Source data
┄┄┄┄┄┄┄┄┄┄
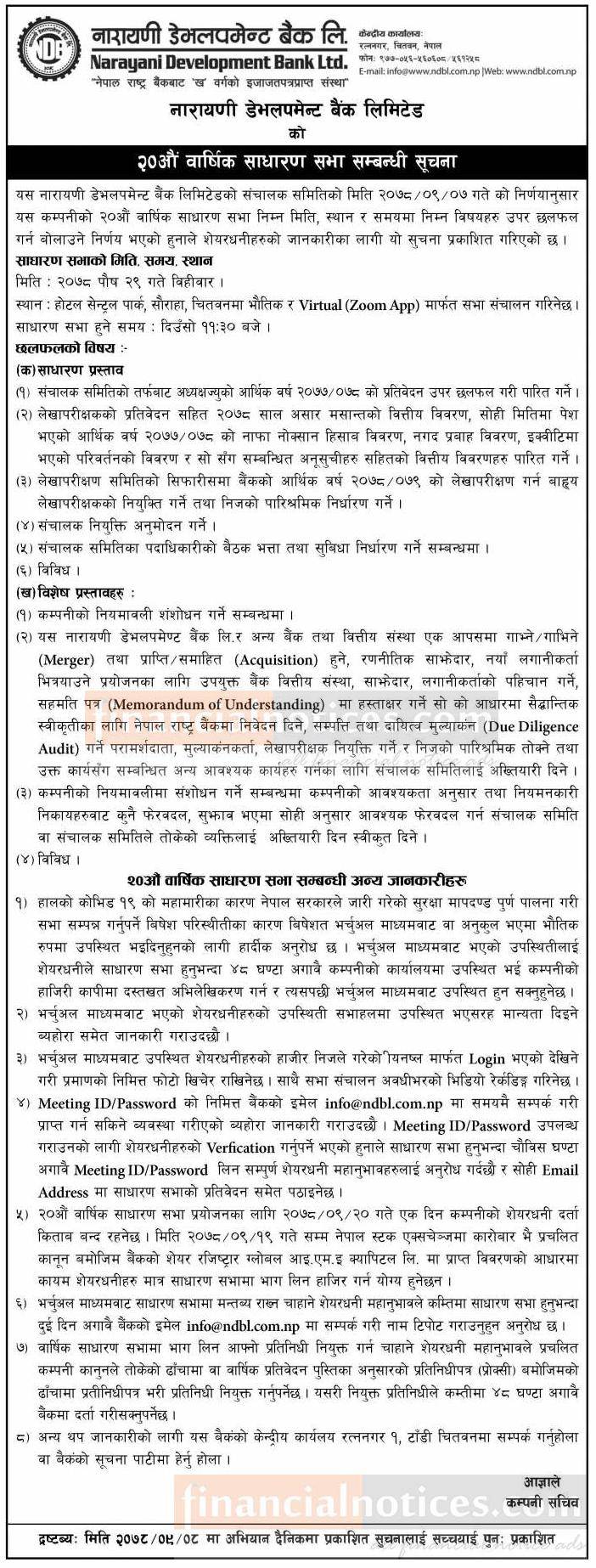 नारायणी डेभलपमेन्ट बैंकको २० औं वार्षिक साधारण सभा सम्बन्धी सूचना
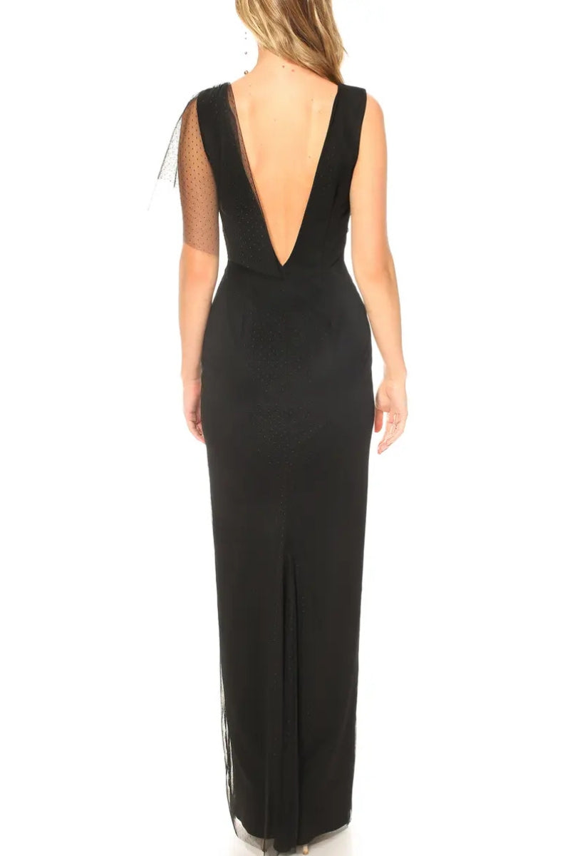 Crafted from luxe 100% polyester, this gown features a plunging neckline that exudes confidence and femininity, balanced by a refined center twist detail and artful ruching that sculpts the silhouette with elegant precision. The draped design flows effortlessly down the body, while the hidden back zip closure ensures a seamless, tailored finish from behind. The rich black hue offers timeless appeal, making this gown an ideal choice for a range of upscale occasions where sophistication and bold styling go hand-in-hand.
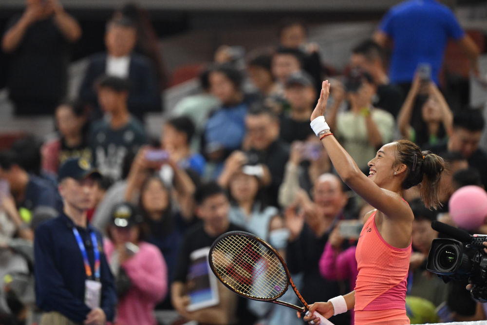9月28日,鄭欽文在賽后向觀眾致意。當(dāng)日,在北京進(jìn)行的2024中國(guó)網(wǎng)球公開賽女單第二輪比賽中,中國(guó)選手鄭欽文2:0戰(zhàn)勝俄羅斯選手拉希莫娃,晉級(jí)下一輪。新華社記者 張龍 攝
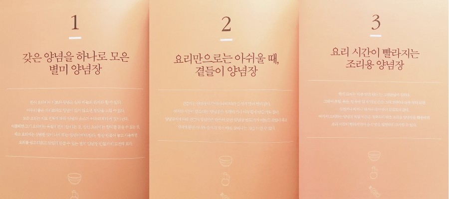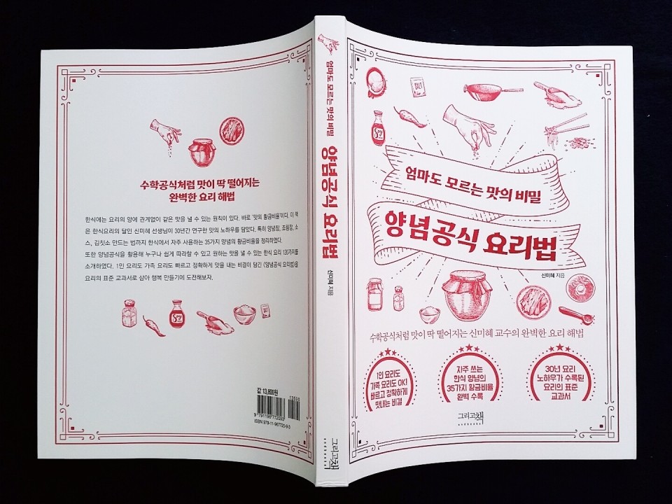 이 책은 30년 동안 요리연구를 하고 학생들을 가르치는 일을 해온 저자가 그 동안 축적된 '나만의 맛의 비밀'을 집대성하여 만들어낸 양념의 비법이자 노하우입니다. 흔히 대량요리에서는 맛있었지만 소량으로 만들 때는 그 맛이 안나는 경우도 많은데 그렇게 요리의 양에 관계없이 같은 맛을 낼 수 있게 찾아낸 표준화된 맛의 황금비율이라고 합니다. 책은 저처럼 기본도 안되어 있는 요리 초짜를 위해 요리의 기본, 양념공식을 알려주고, 그 양념공식을 기본으로 하여 실제로 요리를 해보는 레시피도 함께 수록되어 있습니다. 양념비율만 안다고 요리를 잘할 수 있는 것도 아니기 때문에 실제로 요리 레시피를 보며 그 양념을 어떻게 활용할지 실습을 해보는 시간을 가지는 것도 필요하니까요.
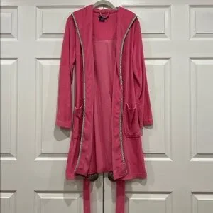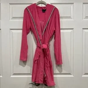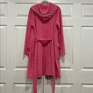 RALPH LAUREN Terry Cloth Bathrobe Hot Pink Green Gingham Womens Size XS Small
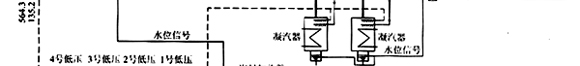 純凝工況時正常補水進冷凝器,高壓除氧器水位由汽封加熱器出口調節閥V1控制;冷凝器熱井水位由其進水調節閥V2控制。
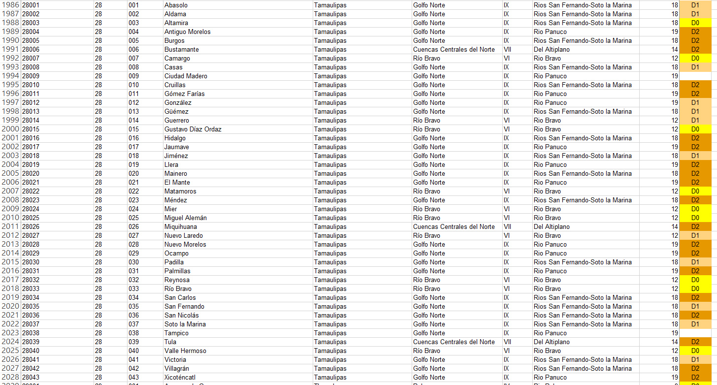 Además, otro estudio contiene los municipios afectados por alguna condición desde anormalmente mostró a los municipios de Burgos, Cruillas, Hidalgo, Mainero, San Carlos, San Nicolás y Villagrán, con un (D2) lo que quiere decir que presentan Sequía Severa.
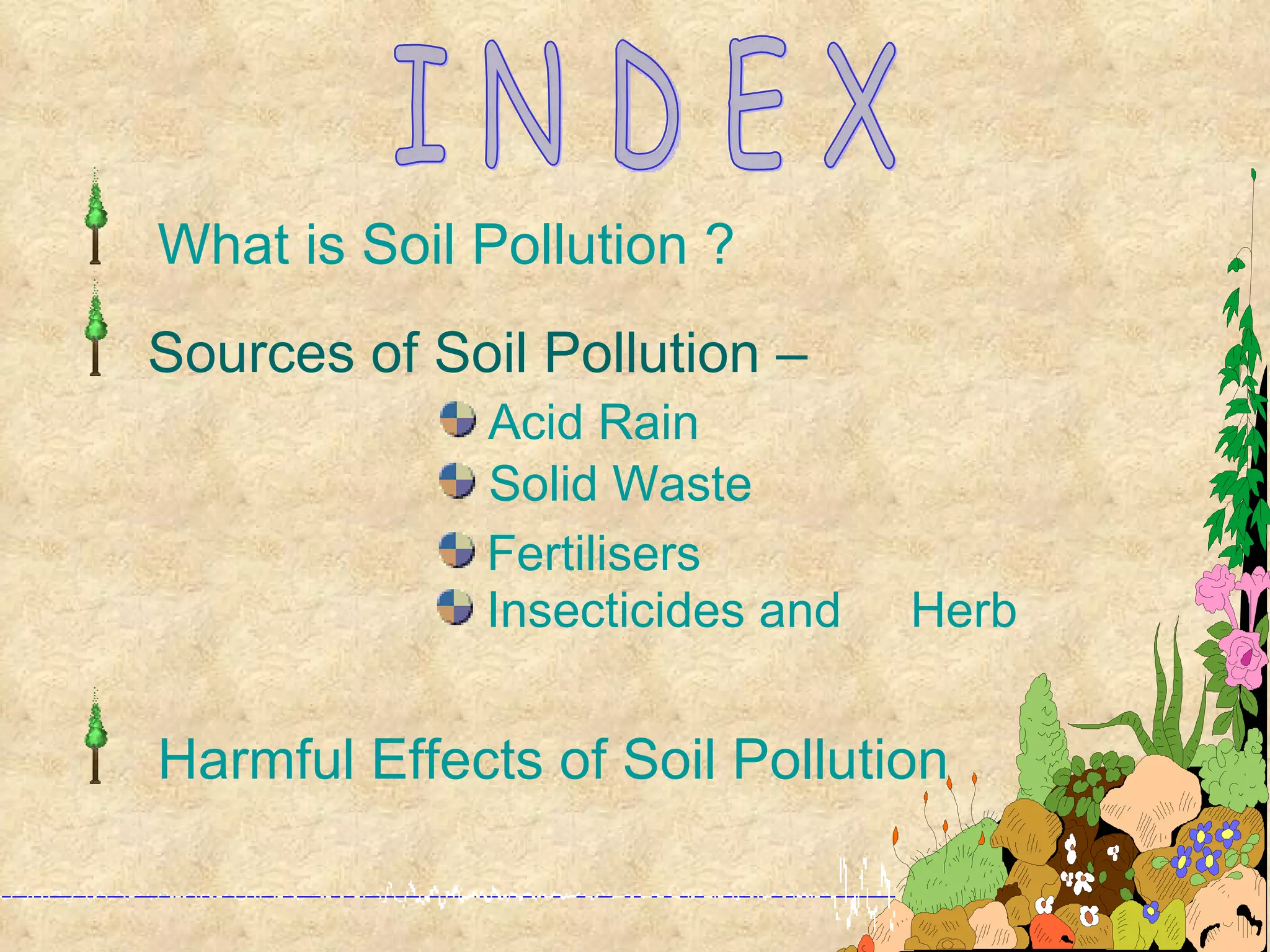 This document discusses soil pollution, its causes and effects. The main causes of soil pollution are acid rain, solid waste, excess fertilizers, and insecticides/herbicides. Soil pollution harms the environment and reduces crop yields by making the soil acidic or alkaline. Prevention methods include proper waste disposal through landfills, recycling, composting, and incineration.
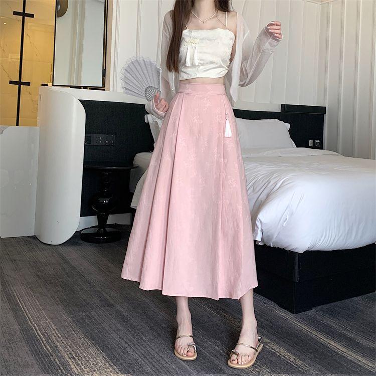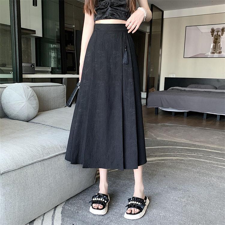 Nueva Falda Midi Jacquard Exquisita Estilo Chino para Mujer Verano Nuevo Diseño Cintura Alta Versátil Moda Línea A
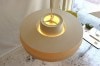 アートピースのような存在感のある大きさですが、圧迫感は無く温かな雰囲気。電球の灯りがシェードに反射して、隙間から柔らかく温かい光が見られます。シェード上部は少し隙間が空けてあり、電球の灯りがうっすらと漏れだす仕組みになっています。
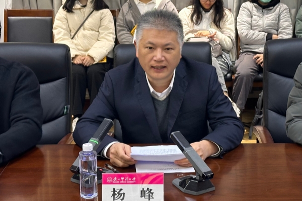 广西师范大学港澳台事务办公室主任杨峰欢迎交流团到访,并回顾了学校与香港教育界的长期合作,包括田家炳教育书院的捐建,与香港教育大学、香港理工大学等高校的密切往来,以及近期双方在人工智能、科技创新等领域的研学成果。他强调,学校将继续坚持开放办学,拓展交流平台,鼓励青年把握机遇,通过文化互鉴和学术共创,为桂港融合与国家发展贡献力量。
┄┄┄┄┄┄┄┄┄┄
◆ **WHAT NEEDS TO BE DONE**
Nothing but the lines above from the line with "This document discusses" up to and including the line with "アートピースのような存在感の" should be returned, exactly as written and without pictures.

◆ **ANSWER TO THIS EXERCISE**
 This document discusses soil pollution, its causes and effects. The main causes of soil pollution are acid rain, solid waste, excess fertilizers, and insecticides/herbicides. Soil pollution harms the environment and reduces crop yields by making the soil acidic or alkaline. Prevention methods include proper waste disposal through landfills, recycling, composting, and incineration.
 Nueva Falda Midi Jacquard Exquisita Estilo Chino para Mujer Verano Nuevo Diseño Cintura Alta Versátil Moda Línea A
 アートピースのような存在感のある大きさですが、圧迫感は無く温かな雰囲気。電球の灯りがシェードに反射して、隙間から柔らかく温かい光が見られます。シェード上部は少し隙間が空けてあり、電球の灯りがうっすらと漏れだす仕組みになっています。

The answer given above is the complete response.